The mainstay of therapy for patients with Alzheimer disease (AD) is the use of centrally acting cholinesterase inhibitors to attempt to compensate for the depletion of acetylcholine (ACh) in the cerebral cortex and hippocampus. A partial N -methyl-D-aspartate (NMDA) antagonist is approved for treatment of moderate and severe AD. Various medications are used for treatment of secondary symptoms of AD, including antidepressants, anti-anxiety agents, and antipsychotic agents.
Cholinesterase inhibitors (ChEIs) are used to palliate cholinergic deficiency. All 4 currently approved ChEIs (ie, tacrine, donepezil, rivastigmine, galantamine) inhibit acetylcholinesterase (AChE) at the synapse (specific cholinesterase). Tacrine was the first agent that was approved for AD, but because of its potential to cause hepatotoxicity, it is now rarely used.
Tacrine and rivastigmine also inhibit butyrylcholinesterase (BuChE). Although BuChE levels may be increased in AD, it is not clear that rivastigmine and tacrine have greater clinical efficacy than donepezil and galantamine.
Galantamine has a different second mechanism of action; it is also a presynaptic nicotinic modulator. No data exist to indicate that this second mechanism is of clinical importance.
Rivastigmine is indicated for the treatment of mild to moderate dementia of the Alzheimer type. Initial dosing recommendations are 1.5 mg given twice daily, with a maximum dose of 12 mg/day. Rivastigmine is a potent, selective inhibitor of brain AChE and BChE. Rivastigmine is considered a pseudo-irreversible inhibitor of AChE.
While the precise mechanism of rivastigmine’s action is unknown, it is postulated to exert its therapeutic effect by enhancing cholinergic function. This is accomplished by increasing the concentration of acetylcholine through reversible inhibition of its hydrolysis by cholinesterase.

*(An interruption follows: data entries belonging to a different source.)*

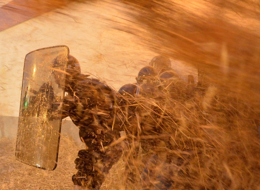 Read moreDuring a demonstration of farmers against falling prices of dairy and meat products, French riot police react as straw is blown at them from a straw spreader machine as they guard the entrance to a Carrefour hypermarket, in Le Mans, northwestern France, on January 27, 2016. Farmers unions are demanding distributors and major food companies pay more for produce and livestock. #
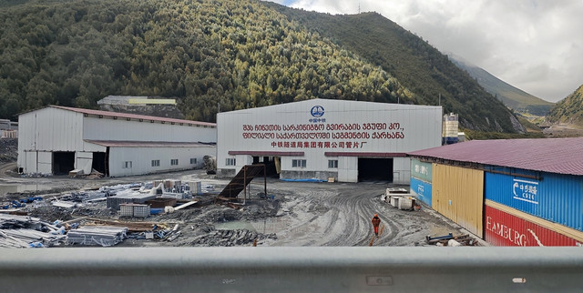 继续前进,途中见到中国参与格鲁吉亚道路建设的营地。
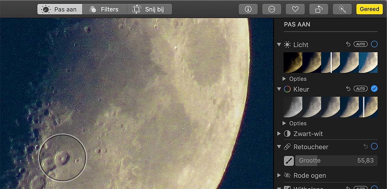 Foto's beschikt over talloze mogelijkheden. Denk bijvoorbeeld aan Retoucheer. Deze is bedoeld voor het verwijderen van vlekken en andere oneffenheden. Je pept er oude gevlekte foto's mee op, maar je verwijdert er net zo makkelijk (jeugd)puistjes en andere oneffenheden mee. Of maankraters. Net wat je wilt. Het werkt wel heel simpel. Klik op het kwastje voor de schuifregelaar Grootte onder Retoucheer. Pas eventueel de grootte van het gereedschap - in de vorm van een cirkel - naar wens aan met de regelaar. Klik vervolgens op alle onderdelen die je wilt verwijderen. Foto's is slim genoeg om zelf een vervangende textuur te verzinnen. Vaak gaat dat verbazingwekkend goed! Ben je tevreden met je bijgewerkte foto, klik dan op de knop Gereed rechtsboven in het Foto's-venster. Leuke bonus: als je ooit in de toekomst weer terug wilt naar de originele foto, dan open je de bewerkte foto weer om vervolgens op Bewerk te klikken. Klik dan in het paneel rechts helemaal onderaan op Stel aanpassingen opnieuw in en je foto is weer terug bij af.
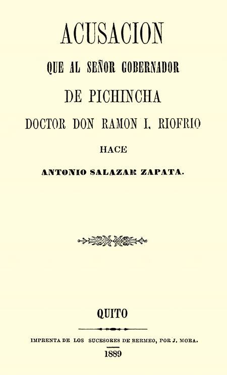 Zalazar Zapata, Antonio. 1889. Acusación que al señor gobernador de Pichincha doctor don Ramón I. Riofrío hace Antonio Salazar Zapata. Quito, Ecuador : Imprenta de los sucesores de Bermeo.
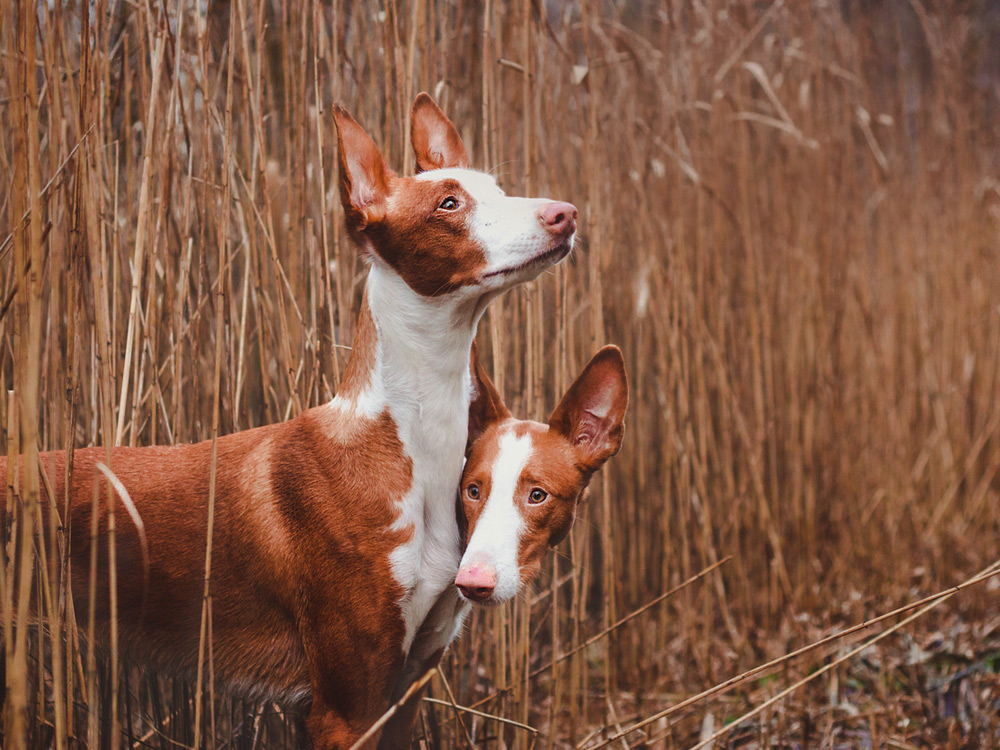 Otro de los rasgos que más le diferencia del resto de podencos es el color rojo de su pelaje. No obstante, presentan varias variantes: su pelaje puede ser blanco unicolor, rojo (o cobrizo) casi unicolor, o, lo más común, a partes iguales, como los dos perros de la foto.
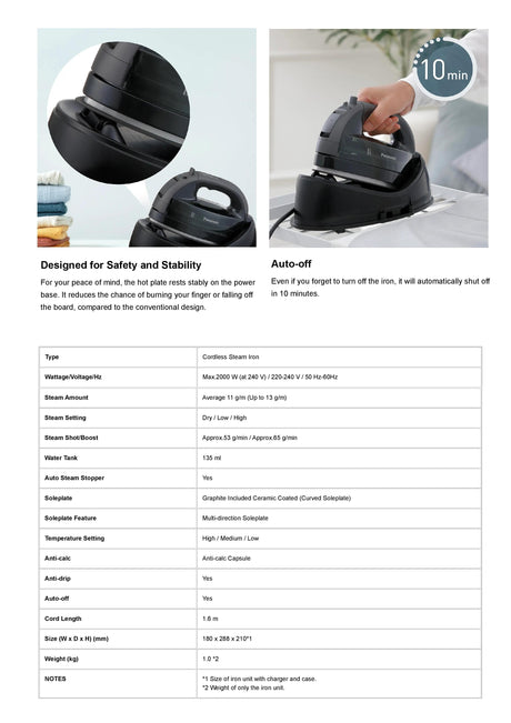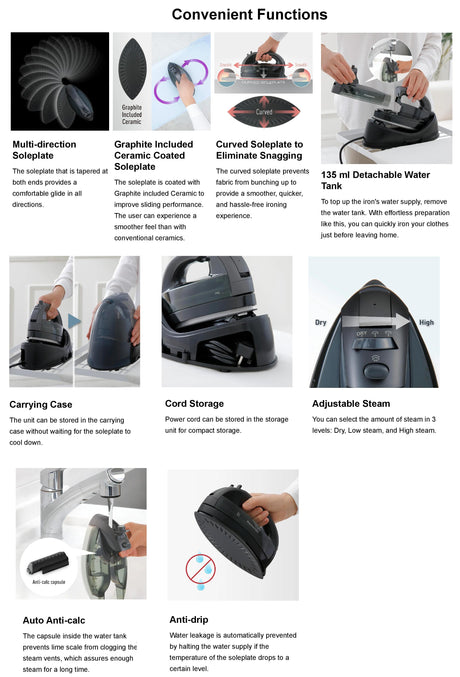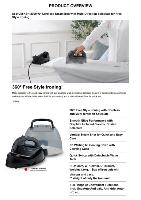 Panasonic NI-WL55KSH Cordless Steam Iron 2000W (Black)

Galantamine is indicated for the treatment of mild to moderate dementia of the Alzheimer type. It enhances central cholinergic function and likely inhibits AChE. There is no evidence that galantamine alters the course of the underlying dementing process. The dosing recommendation for the immediate-release formulation is 4 mg twice daily. The extended-release formulation is given at a dose of 8 mg once daily. The maintenance dose after dose titration is 16-24 mg/day.
The only drug in the N -methyl-D-aspartate (NMDA) antagonist class that is approved by the US Food and Drug Administration is memantine. This agent may be used alone or in combination with AChE inhibitors.
Namenda is approved for the treatment of moderate to severe dementia in patients with AD. The initial dose for the immediate-release formulation is 5 mg once daily, and it can be titrated to a maximum dose of 20 mg/day. The initial dose for the extended-release formulation is 7 mg once daily, and it can be titrated to a maximum dose of 28 mg/day.
Medical foods are dietary supplements intended to compensate specific nutritional problems caused by a disease or condition. Caprylidene is a prescription medical food that is metabolized into ketone bodies. The brain can use these ketone bodies for energy when its ability to process glucose is impaired, which brain-imaging scans suggest is the case in AD.
Caprylidene is indicated for clinical dietary management of metabolic processes associated with mild to moderate AD. General dosing recommendations include administering 40 g/day (1 packet of caprylidene powder, containing 20 g of medium-chain triglycerides) during breakfast.
Radioactive diagnostic agent for use with PET brain imaging. Binds to beta-amyloid neuritic plaques and the F 18 isotope produces a positron signal that is detected by a PET scanner.